Two more storms on the way to Maine
Thursday storm a nuisance more than anything
This is one of those flat, elongated slow movers that lacks a punch. It's basically a lazy warm front that tries to ignite around the benchmark 40° N / 70° W point, but it doesn't appear to have much upper-level energy working with it for it to become too out of hand.
For the snow removal folks, it's another long drawn annoying event. A long day of work with not a whole lot of substance.
File this under "another event overdone by models in the long range that misfires like a whoopie cushion in the end."
There have been a lot of those this winter.
Wednesday 4 PM to Friday 1 AM - Snow showers break out over southwestern areas Wednesday night. As the frontal boundary takes its sweet time moving to the northeast, snow showers eventually make it into northern and eastern areas in the wee hours of Thursday. At that point, southwestern areas south of the foothills may see some sleet, a low chance for brief freezing rain or drizzle, and rain showers along the coast. This will make roads slick for the morning commute. A warm nose works across the coastal plain and brings a light junky mix through mid to late morning for areas south of Route 2. Closer to the coast, the better chance for rain. Precipitation is expected to end over southwestern areas by around noon. Snow for the mountains and north and a mix is expected over eastern areas until Thursday night, and finally leaving the region around midnight Friday.
This is the idea out of the gate. I'll have an update on this Wednesday, but I don't expect this is going to change much.
I don't expect much wind on the front side of this, but as the storm moves east and intensifies a bit, breezy conditions are expected to pick up on the backside Thursday night, then settles Friday morning.
One more storm for Friday night into Saturday
This is one of those set ups that raises red flags for this forecaster and makes me wonder if models are overdoing it again.
Friday 7 AM to Sunday 7 AM - Massive blocking over Greenland, a strong ridge over the eastern Pacific, a deep trough over the west, and a cut-off upper level low that runs out of gas as it heads from the southern Plains to the northeast.
It's the "runs out of gas" part that has me concerned.

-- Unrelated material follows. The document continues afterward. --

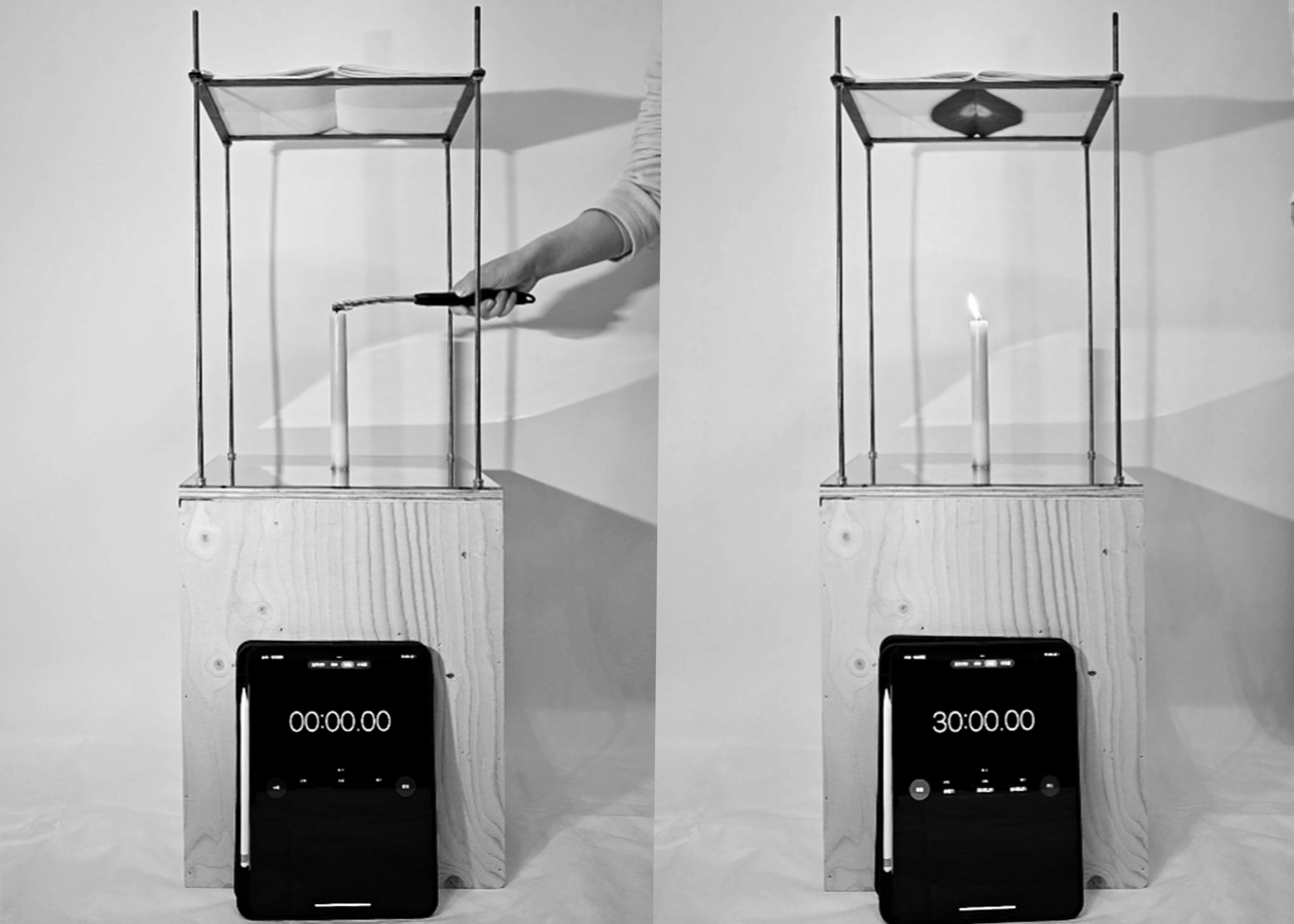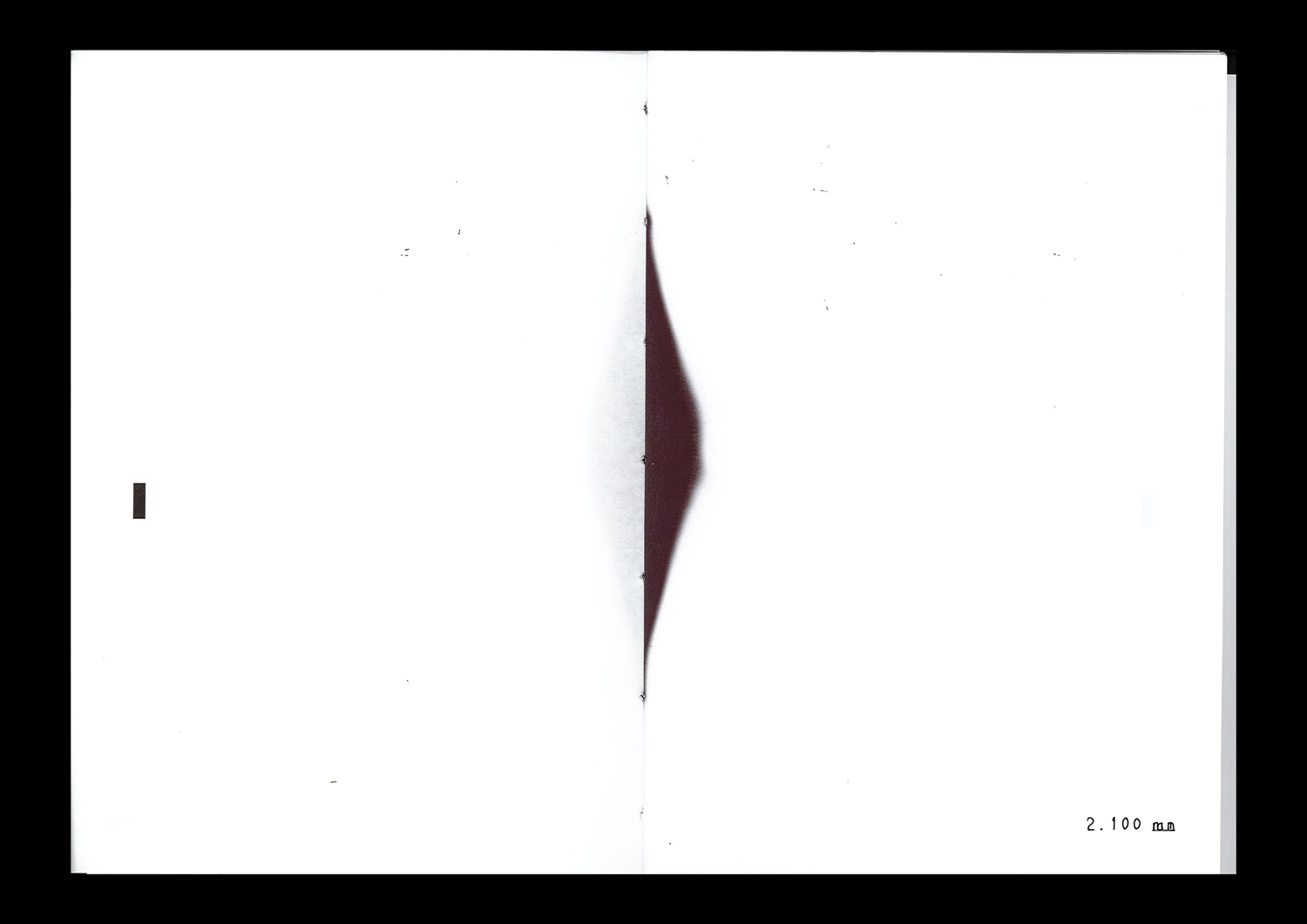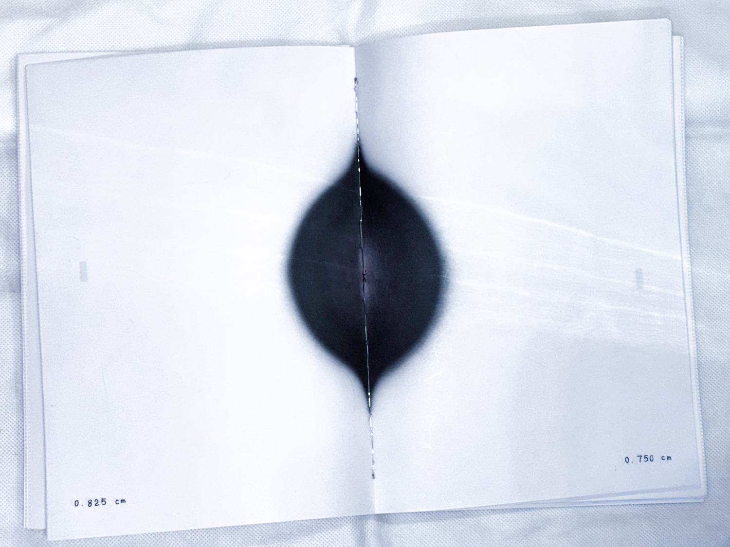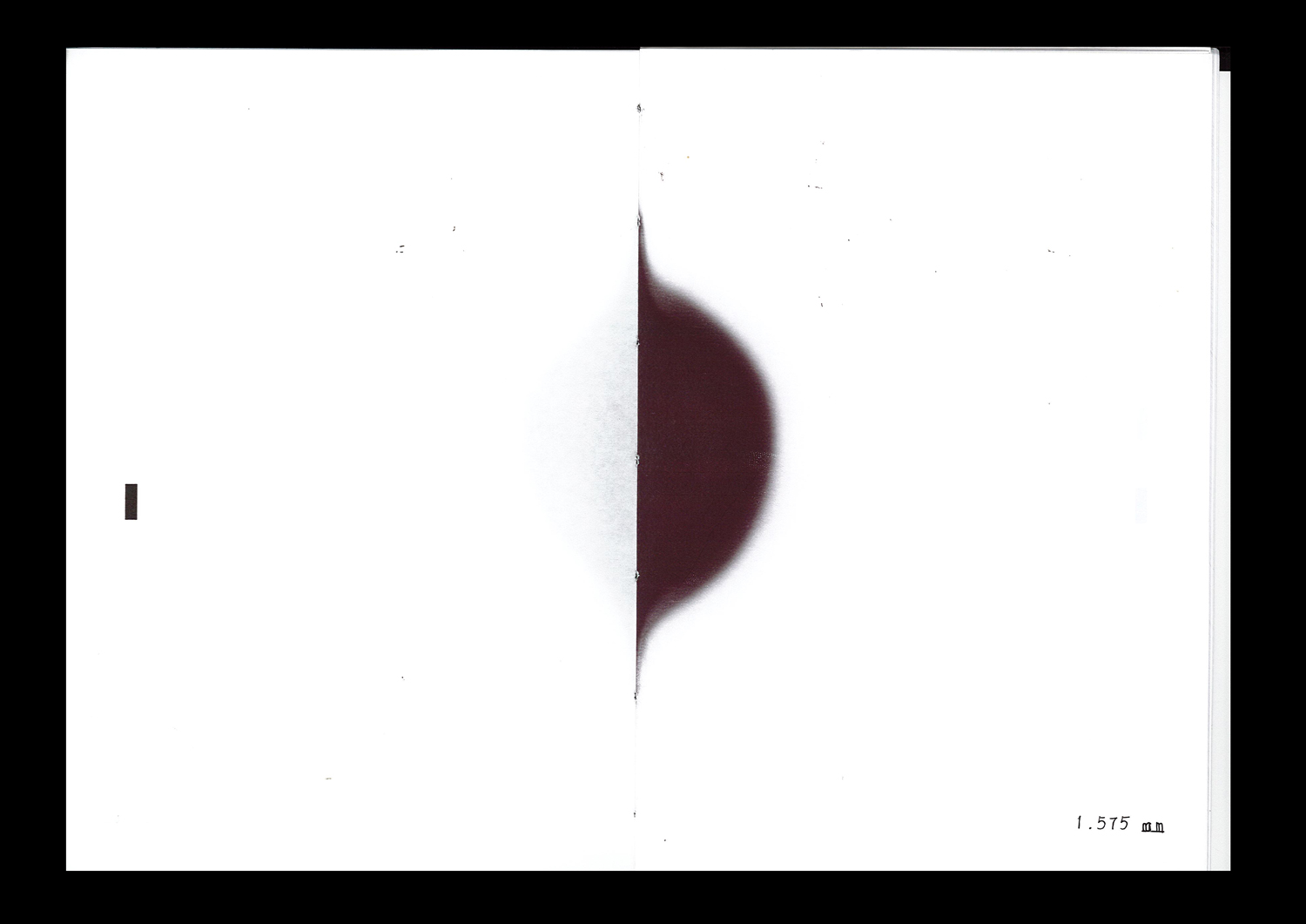 The object's design engages with the material properties of thermal paper and how it is commonly used for the rapid imaging of receipts. This process explores the relationship between the degree of discolouration of surface, heating time, heating area, and distance. Depending on the distance of each page from the heat source, which is determined by the books thickness, the page gradually turns black. When the candle has fully burnt, the image changes from lighter to darker and back again. Like a storybook with a narrative plot, this book is composed of a candle flame with a controlled, regular rhythm. Thus, Speed = Distance/Time visualizes time and speed through increasing, burning distance.

Friday 7 AM to Sunday 7 AM - Looks like we get through Friday alright with little in the way of precipitation. What will bring a blizzard over the Plains occludes (weakens) as it moves toward the Great Lakes. A secondary low tries to fire up along the frontal boundary tail and tries to siphon off the upper-level energy and spin up an ocean low. The problem is that it will run out of gas along the ridge and weaken as it gets near benchmark Saturday night.
All in all, this is a juiced warm front.
Two things going for a decent snow potential with this is the cold air locked in, along with liquid equivalent of ½-1" over southwestern areas. Northern areas may get little to nothing from this event as high pressure to the north shunts the storm to east. It's wait and see for the coast IF it stays all snow or some mixing creeps in. It's wait and see if the moisture is overdone. It's also wait and see if this sticky snow that may cause power outage concerns.
Remember, this system is in the process of weakening. The wild card here is if the ocean low gets going earlier, that may enhance precipitation amounts, but that idea is low.
For now, think 6"+ from Jackman to Belfast south and west, and stay tuned for fine tuning and details.
Temperature outlook through Sunday
The normal high and low for March 1st in Caribou is 29° and 9°. For Portland, 38° and 21°. Expect above normal temperatures through Thursday before cooling down over the weekend.